__Your task__. Reproduce the data exactly; no word may be added or dropped.

Information supplied section start

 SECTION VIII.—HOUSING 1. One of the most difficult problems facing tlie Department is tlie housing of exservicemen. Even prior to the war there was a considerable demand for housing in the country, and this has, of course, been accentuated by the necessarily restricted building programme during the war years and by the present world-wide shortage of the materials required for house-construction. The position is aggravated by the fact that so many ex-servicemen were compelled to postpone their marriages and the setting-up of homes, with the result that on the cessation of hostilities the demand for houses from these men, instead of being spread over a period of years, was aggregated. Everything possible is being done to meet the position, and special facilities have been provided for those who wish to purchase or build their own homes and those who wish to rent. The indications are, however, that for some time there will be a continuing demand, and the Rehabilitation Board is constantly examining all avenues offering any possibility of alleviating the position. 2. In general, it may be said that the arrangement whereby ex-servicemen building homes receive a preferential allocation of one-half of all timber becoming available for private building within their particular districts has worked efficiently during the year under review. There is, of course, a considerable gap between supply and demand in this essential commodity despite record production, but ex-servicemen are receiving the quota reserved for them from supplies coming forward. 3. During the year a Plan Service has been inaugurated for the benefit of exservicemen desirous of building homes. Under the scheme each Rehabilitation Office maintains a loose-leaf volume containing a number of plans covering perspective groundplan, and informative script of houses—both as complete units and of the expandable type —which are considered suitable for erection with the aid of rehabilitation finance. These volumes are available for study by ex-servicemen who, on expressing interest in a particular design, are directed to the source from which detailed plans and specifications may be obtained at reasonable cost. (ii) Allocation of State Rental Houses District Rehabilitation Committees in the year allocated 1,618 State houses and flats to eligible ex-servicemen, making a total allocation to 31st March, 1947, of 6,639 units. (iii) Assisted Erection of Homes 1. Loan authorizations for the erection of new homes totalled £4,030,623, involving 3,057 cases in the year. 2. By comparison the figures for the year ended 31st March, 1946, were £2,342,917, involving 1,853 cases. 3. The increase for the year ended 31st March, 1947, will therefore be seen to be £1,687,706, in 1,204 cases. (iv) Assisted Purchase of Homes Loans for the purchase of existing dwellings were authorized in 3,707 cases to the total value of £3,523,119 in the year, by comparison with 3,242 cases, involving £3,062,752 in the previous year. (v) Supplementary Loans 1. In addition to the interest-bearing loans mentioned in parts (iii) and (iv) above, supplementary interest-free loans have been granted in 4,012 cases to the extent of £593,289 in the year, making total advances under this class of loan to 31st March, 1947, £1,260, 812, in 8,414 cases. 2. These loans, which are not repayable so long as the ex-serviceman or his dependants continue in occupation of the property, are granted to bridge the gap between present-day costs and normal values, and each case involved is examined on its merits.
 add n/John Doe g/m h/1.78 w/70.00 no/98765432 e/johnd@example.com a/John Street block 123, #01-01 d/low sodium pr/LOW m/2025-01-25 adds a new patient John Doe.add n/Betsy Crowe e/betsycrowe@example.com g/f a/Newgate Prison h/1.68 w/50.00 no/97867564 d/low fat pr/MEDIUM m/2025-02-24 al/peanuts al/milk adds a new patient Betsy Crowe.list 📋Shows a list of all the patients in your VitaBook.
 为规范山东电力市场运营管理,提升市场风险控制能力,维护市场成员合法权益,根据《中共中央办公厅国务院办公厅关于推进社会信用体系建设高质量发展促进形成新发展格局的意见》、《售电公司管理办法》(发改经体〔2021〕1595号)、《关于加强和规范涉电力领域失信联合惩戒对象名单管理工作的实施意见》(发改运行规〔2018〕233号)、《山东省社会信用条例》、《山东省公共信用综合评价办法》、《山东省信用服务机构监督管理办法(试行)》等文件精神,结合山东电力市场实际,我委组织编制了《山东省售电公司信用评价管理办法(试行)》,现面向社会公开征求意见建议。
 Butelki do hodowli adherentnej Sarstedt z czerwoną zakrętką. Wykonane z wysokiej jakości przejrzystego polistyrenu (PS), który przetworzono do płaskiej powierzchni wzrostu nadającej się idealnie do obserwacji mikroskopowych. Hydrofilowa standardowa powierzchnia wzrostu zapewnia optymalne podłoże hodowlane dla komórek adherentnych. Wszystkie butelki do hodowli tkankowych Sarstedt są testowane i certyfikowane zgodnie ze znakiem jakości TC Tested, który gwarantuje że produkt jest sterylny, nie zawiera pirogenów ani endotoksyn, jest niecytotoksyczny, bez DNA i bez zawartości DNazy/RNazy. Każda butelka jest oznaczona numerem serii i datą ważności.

Information supplied section end

__Reply__.
 SECTION VIII.—HOUSING 1. One of the most difficult problems facing tlie Department is tlie housing of exservicemen. Even prior to the war there was a considerable demand for housing in the country, and this has, of course, been accentuated by the necessarily restricted building programme during the war years and by the present world-wide shortage of the materials required for house-construction. The position is aggravated by the fact that so many ex-servicemen were compelled to postpone their marriages and the setting-up of homes, with the result that on the cessation of hostilities the demand for houses from these men, instead of being spread over a period of years, was aggregated. Everything possible is being done to meet the position, and special facilities have been provided for those who wish to purchase or build their own homes and those who wish to rent. The indications are, however, that for some time there will be a continuing demand, and the Rehabilitation Board is constantly examining all avenues offering any possibility of alleviating the position. 2. In general, it may be said that the arrangement whereby ex-servicemen building homes receive a preferential allocation of one-half of all timber becoming available for private building within their particular districts has worked efficiently during the year under review. There is, of course, a considerable gap between supply and demand in this essential commodity despite record production, but ex-servicemen are receiving the quota reserved for them from supplies coming forward. 3. During the year a Plan Service has been inaugurated for the benefit of exservicemen desirous of building homes. Under the scheme each Rehabilitation Office maintains a loose-leaf volume containing a number of plans covering perspective groundplan, and informative script of houses—both as complete units and of the expandable type —which are considered suitable for erection with the aid of rehabilitation finance. These volumes are available for study by ex-servicemen who, on expressing interest in a particular design, are directed to the source from which detailed plans and specifications may be obtained at reasonable cost. (ii) Allocation of State Rental Houses District Rehabilitation Committees in the year allocated 1,618 State houses and flats to eligible ex-servicemen, making a total allocation to 31st March, 1947, of 6,639 units. (iii) Assisted Erection of Homes 1. Loan authorizations for the erection of new homes totalled £4,030,623, involving 3,057 cases in the year. 2. By comparison the figures for the year ended 31st March, 1946, were £2,342,917, involving 1,853 cases. 3. The increase for the year ended 31st March, 1947, will therefore be seen to be £1,687,706, in 1,204 cases. (iv) Assisted Purchase of Homes Loans for the purchase of existing dwellings were authorized in 3,707 cases to the total value of £3,523,119 in the year, by comparison with 3,242 cases, involving £3,062,752 in the previous year. (v) Supplementary Loans 1. In addition to the interest-bearing loans mentioned in parts (iii) and (iv) above, supplementary interest-free loans have been granted in 4,012 cases to the extent of £593,289 in the year, making total advances under this class of loan to 31st March, 1947, £1,260, 812, in 8,414 cases. 2. These loans, which are not repayable so long as the ex-serviceman or his dependants continue in occupation of the property, are granted to bridge the gap between present-day costs and normal values, and each case involved is examined on its merits.
 add n/John Doe g/m h/1.78 w/70.00 no/98765432 e/johnd@example.com a/John Street block 123, #01-01 d/low sodium pr/LOW m/2025-01-25 adds a new patient John Doe.add n/Betsy Crowe e/betsycrowe@example.com g/f a/Newgate Prison h/1.68 w/50.00 no/97867564 d/low fat pr/MEDIUM m/2025-02-24 al/peanuts al/milk adds a new patient Betsy Crowe.list 📋Shows a list of all the patients in your VitaBook.
 为规范山东电力市场运营管理,提升市场风险控制能力,维护市场成员合法权益,根据《中共中央办公厅国务院办公厅关于推进社会信用体系建设高质量发展促进形成新发展格局的意见》、《售电公司管理办法》(发改经体〔2021〕1595号)、《关于加强和规范涉电力领域失信联合惩戒对象名单管理工作的实施意见》(发改运行规〔2018〕233号)、《山东省社会信用条例》、《山东省公共信用综合评价办法》、《山东省信用服务机构监督管理办法(试行)》等文件精神,结合山东电力市场实际,我委组织编制了《山东省售电公司信用评价管理办法(试行)》,现面向社会公开征求意见建议。
 Butelki do hodowli adherentnej Sarstedt z czerwoną zakrętką. Wykonane z wysokiej jakości przejrzystego polistyrenu (PS), który przetworzono do płaskiej powierzchni wzrostu nadającej się idealnie do obserwacji mikroskopowych. Hydrofilowa standardowa powierzchnia wzrostu zapewnia optymalne podłoże hodowlane dla komórek adherentnych. Wszystkie butelki do hodowli tkankowych Sarstedt są testowane i certyfikowane zgodnie ze znakiem jakości TC Tested, który gwarantuje że produkt jest sterylny, nie zawiera pirogenów ani endotoksyn, jest niecytotoksyczny, bez DNA i bez zawartości DNazy/RNazy. Każda butelka jest oznaczona numerem serii i datą ważności.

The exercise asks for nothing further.